Despite having two record types with the same structure, type inference still succeeds, but notice at ① that the resulting type is color. Due to F#’s top-down evaluation, the compiler uses the most recently defined type that matches the labels. If your goal was to define red as color you’d be fine, but if you wanted rgbColor instead you’d have to be a bit more explicit in your record expression and include the type name, as shown here:

> let red = {rgbColor.R = 255uy; G = 0uy; B = 0uy };;

val red : ② rgbColor = {R = 255uy;

G = 0uy;

B = 0uy;}

By qualifying one of the names with the type name at ①, you bypass type inference and the correct type is resolved ②. (Although you can technically qualify the type on any name, the convention is to do it on either the first one or all of them.)

Copying Records

Not only can you use record expressions to create new record instances from scratch, but you can also use them to create new record instances from existing ones by copying values forward and setting new values for one or more properties. The alternate syntax, called a copy and update record expression, makes it easy to create yellow from red, as shown here:

> let red = { R = 255uy; G = 0uy; B = 0uy }

let yellow = { red with G = 255uy };;

val red : color = {R = 255uy;

G = 0uy;

B = 0uy;}

val yellow : color = {R = 255uy;

G = 255uy;

B = 0uy;}

To specify new values for multiple properties, separate them with semicolons.

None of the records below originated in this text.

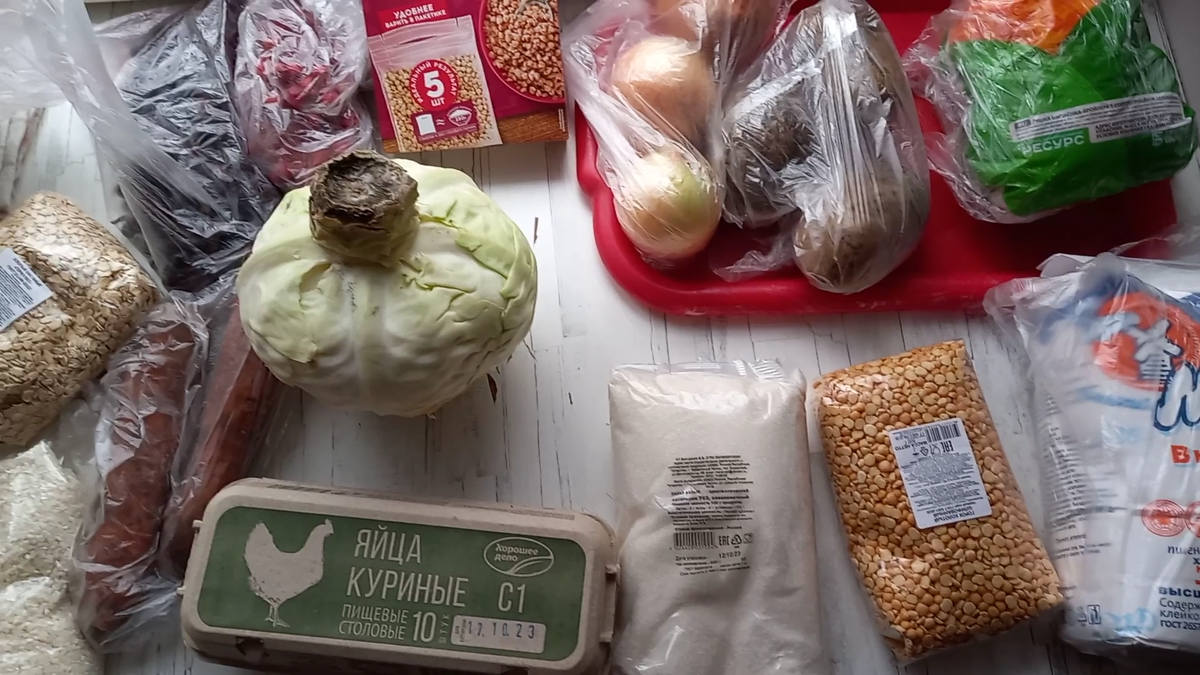 Всем здравствуйте. Меня зовут Ирина. Мы с сыном Денисом иногда проводим экспериментальные проекты на выживание и не только. Сразу скажу, что мы оба работаем и подрабатываем. Наши проекты – это наша инициатива и желание. Данный новый проект - одиночный, в котором участвовать буду только я. Денис уехал в Киров по работе почти на две недели((( Проект будет длиться 14 дней и я планирую потратить не больше 1500 рублей. Итак, моя закупка: Магнит: Масло подсолнечное 79,99 руб. Горох 36,99 руб. Сахар 68,89 руб. Рис 68,19 руб. Лук 10,15 руб. Картофель 12,08 руб. Геркулес 13,09 руб. Морковь 11,00 руб. Капуста 40,43 руб. Мука 49,99 руб. Цыпленок бройлер 247,13 руб. Гречка (по акции) 39,0 руб. Сыр Голландский (моя цена) 79,99 руб. Одно яблоко 10,65 руб. Соус майонезный 32,99 руб. Фрикадельки свиные 104,99 руб. Светофор: Крупа перловая 30,00 руб. Огурцы 27,17 руб. КБ: Яйца 1С 69,90 руб. ИТОГО за первый день проекта я потратила – 1032,62 руб. Практически 1/3 заявленной суммы. Но успокаиваю себя тем,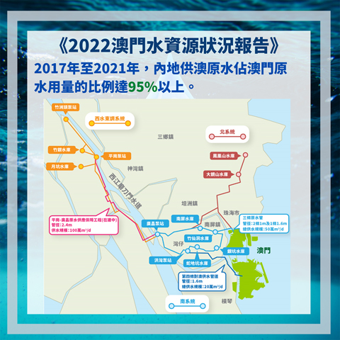 供水安全方面,第四條對澳供水管道、平崗-廣昌原水保障工程、大藤峽水利樞紐左岸工程、石排灣水廠等項目於過去五年內相繼落成,使澳門的供水安全得到前所未有的保障。過去五年,澳門自來水出廠水質一直保持在優質綠色低鹹度級別。《二0二二澳門水資源狀況報告》的電子版可於局方網頁瀏覽。
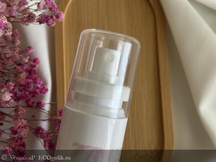 Оснащен он помповым дозатором-распылителем. Работает он исправно. Нажимается плавно, не плюется и не заедает, распыляет тоник мелкодисперсным облачком.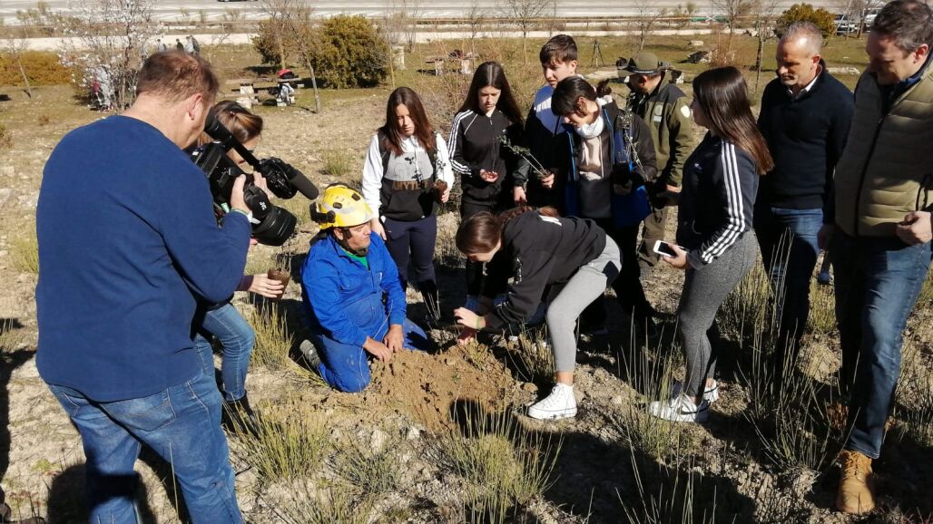 La actividad en el monte Santa Rita ha consistido en la reforestación de parte de la zona incendiada a través del voluntariado ambiental que presta el IES Sierra de Aras de Lucena, en el que han participado 100 alumnos de tercero de la ESO.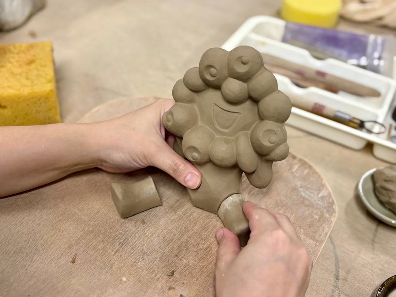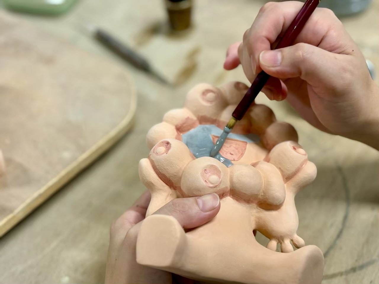 製作を担ったのは、育陶園の女性造形職人ひとり。原型づくりから複製用の型の製作まで、すべてを彼女の手で行いました。その型で成形した本体に、一つひとつ筆で釉薬を落としながら彩色を施し、沖縄の青い空と海を思わせる透明感のあるブルーと、伝統技法「赤絵」による鮮やかな赤を重ねました。三度の窯焼きを経て、やちむんらしい風合いと存在感を備えた「ミャクミャクやちむん」が完成しました。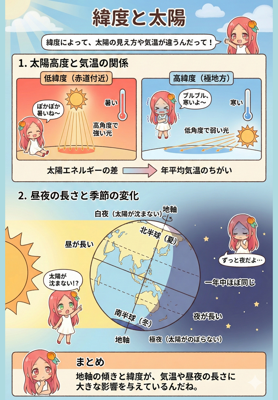 2025年12月16日 【図解】緯度と太陽 緯度と太陽についての教材を作りましたマンガでわかる高校地理: ケッペンちゃんと学ぶ高等学校地理 自然地理、農業、資源編高校地理お助け部Independently published2022-04-19公共JK: 公共ってなんで勉強するの? (地理おた文庫)高校地理お助け部地理おた部文庫2025-12-06 < 前の記事次の記事 > コメント コメントフォーム 名前 コメント 記事の評価 リセット リセット 顔 星 情報を記憶 コメントを投稿する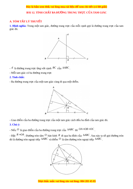 Đây là bản xem th , vu ử i lòng mua tài li u ệ đ xe ể m chi ti t ế (có l i ờ gi i ả ) BÀI 12. TÍNH CH T Ấ BA ĐƯ N Ờ G TRUNG TR C Ự C A Ủ TAM GIÁC A. TÓM T T Ắ LÝ THUY T Ế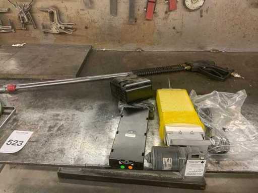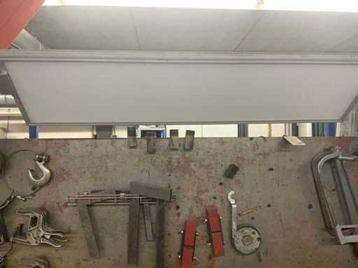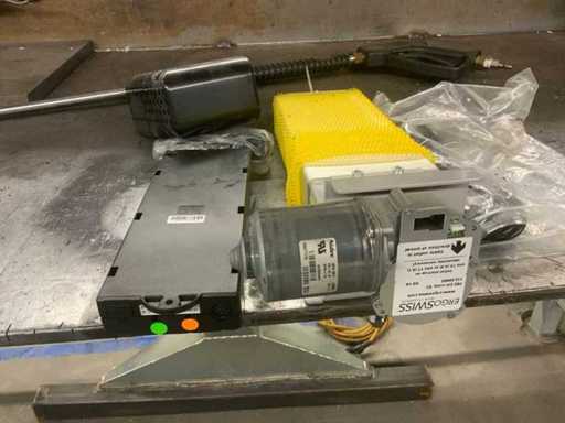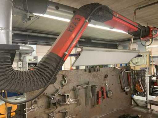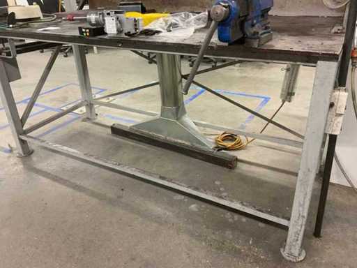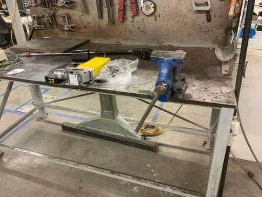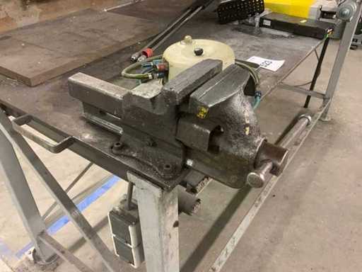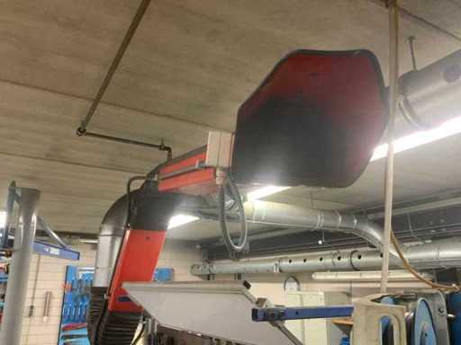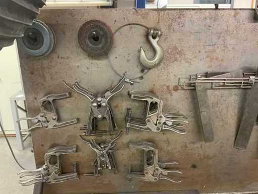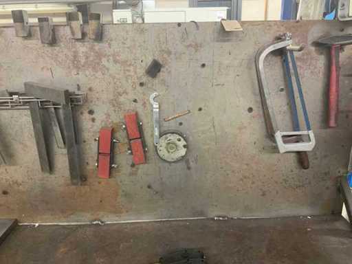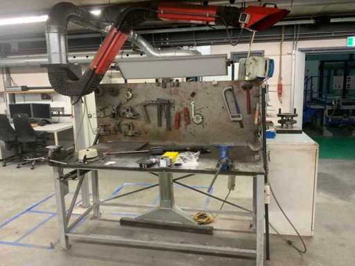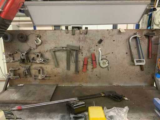 L’établi est équipé d’un mur arrière avec une lampe attenante et divers outils, tels que des serre-joints, des carrés et des scies. Deux étaux sont attachés à l’établi. Des pulvérisateurs haute pression et un système de levage de table Ergoswiss sont inclus. La hotte extractrice ne concerne que la partie rouge flexible jusqu’au tube en aluminium. L’acheteur doit apporter suffisamment d’outils pour le démontage.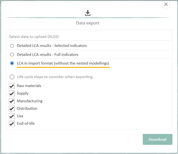 By clicking on it, a pop-up window opens with the LCA in import format in third position.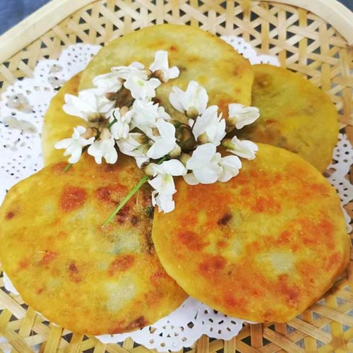 昨天 恰巧看到有人拿竹竿打下了好多槐花,我統(tǒng)統(tǒng)買了回來(lái),足有8斤多!回來(lái)后請(qǐng)廚師用清水洗凈,用鹽水浸泡,揉面焯水,裹調(diào)拍打成形,兩面煎烤,一塊塊槐花餅受熱膨脹,香氣四溢!不由得垂涎滴襟腸肚慌,眾人爭(zhēng)相把餅嘗。咬一口松軟彈牙,嚼著嚼著清香可口,唇齒間留住了春天的味道,妙不可言!淡淡的槐花和雞蛋的香味,讓你的味蕾綻放開(kāi)來(lái),那種焦、香、酥、脆的感覺(jué)會(huì)讓你久久不能忘懷!嚼著嚼著,眼前浮現(xiàn)童年時(shí)的光景,小河脈脈,蛙聲四起。也許這種悠長(zhǎng)的懷念,就是鄉(xiāng)愁!
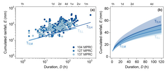 (a) Log-log plot with the ED (cumulated event rainfall—duration) conditions that triggered landslides in Slovenia classified according to three classes of mean annual rainfall (MAR) and corresponding 5% ED thresholds (T5,H, T5,M, T5,L). (b) Same thresholds and related uncertainties (shaded areas) in the range 1 h ≤ D ≤ 120 h, in linear coordinates. Legend: L, 800 mm ≤ MAR ≤ 1300 mm; M, 1300 mm < MAR ≤ 1600 mm; H, 1600 mm < MAR ≤ 4000 mm.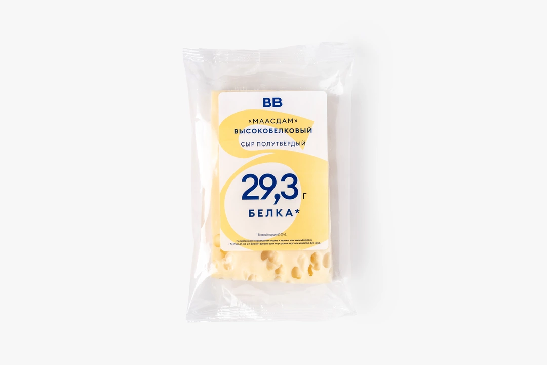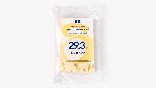 Этот полутвёрдый сыр как нельзя лучше подойдёт для рациона спортсменов, ведь он содержит действительно много белка: почти 30 г на 100 г продукта. В остальном он такой же, как классический «Маасдам»: нежный, с характерными крупными «глазками» и выразительным молочно-сладковатым вкусом. Его можно добавлять в макароны, салаты, яичные завтраки и блюда, требующие запекания. А также использовать для бутербродов, сытных роллов в лаваше и других закусок. Массовая доля жира в сухом веществе 45%.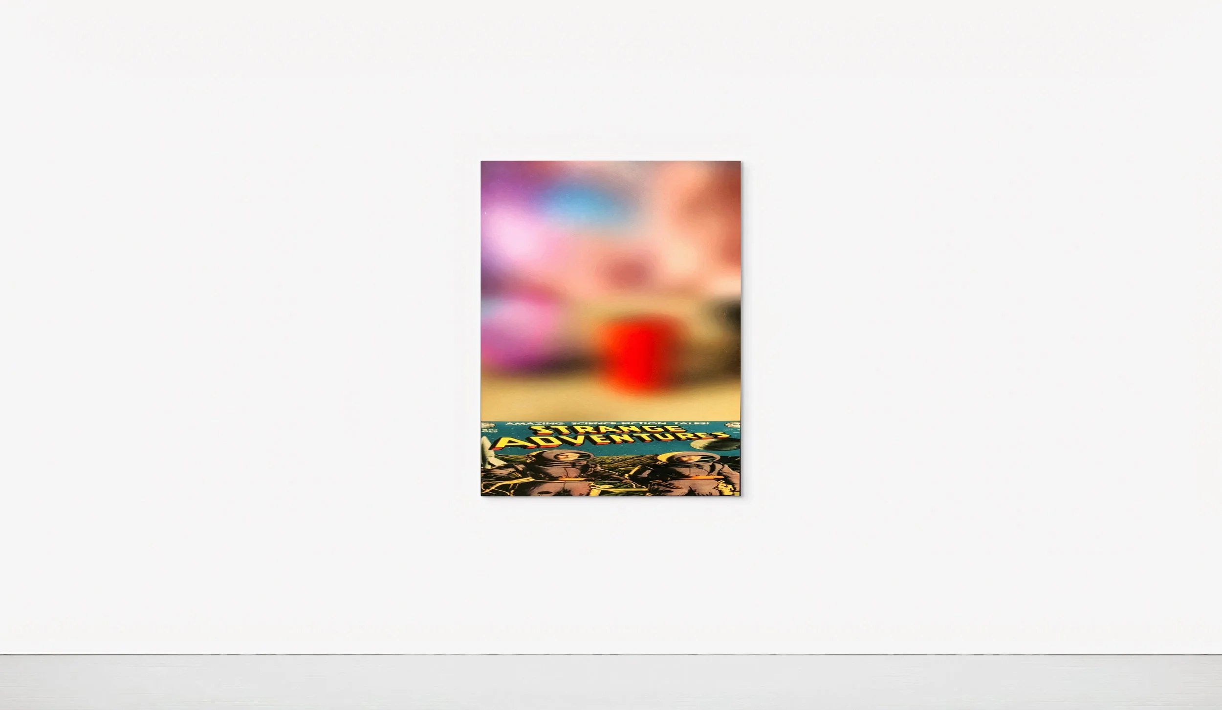 For UPGRADE, Ry David Bradley presents a body of digital paintings vibrating with color, which have been heat-pressed into ultrasuede fabric and sprinkled with holographic glitter. The works resemble saturated photographs that have been blurred beyond recognition or Instagram images from the immediate future that are still in the process of loading. At the bottom of each digital painting is a deliberately stretched and pixilated “free app store style” banner ad, whose content comes inexplicably from a pre-digital universe. Juxtaposed against the hyperreality of Bradley’s digital paintings, the banners, which include vintage comic book ads from the 1950s and 60s, advertise a world that no longer exists. UPGRADE reminds the viewer that even as we stand on the cutting edge of technology and culture, watching a new world come into focus, a small piece of history is always present even in the most contemporary things today.

Like virtually everything else in F#, record types are immutable by default. However, because their syntax is so convenient, they’re commonly used in place of classes. In many cases, though, these scenarios require mutability. To make record type properties mutable within F#, use themutable keyword just as with a let binding. For instance, you could make all of rgbColor’s members mutable like this:

> type rgbColor = { mutable R : byte

mutable G : byte

mutable B : byte };;

type rgbColor =

{mutable R: byte;

mutable G: byte;

mutable B: byte;}

When a record type property is mutable, you can change its value with the standard assignment operator (<-) like this:

let myColor = { R = 255uy; G = 255uy; B = 255uy }

myColor.G <- 100uy


Although record types support binary serialization by default, other forms of serialization require a default constructor and writable properties. To allow for more situations where record types can be used in favor of classes, the F# team introduced the CLIMutable attribute in F# 3.0.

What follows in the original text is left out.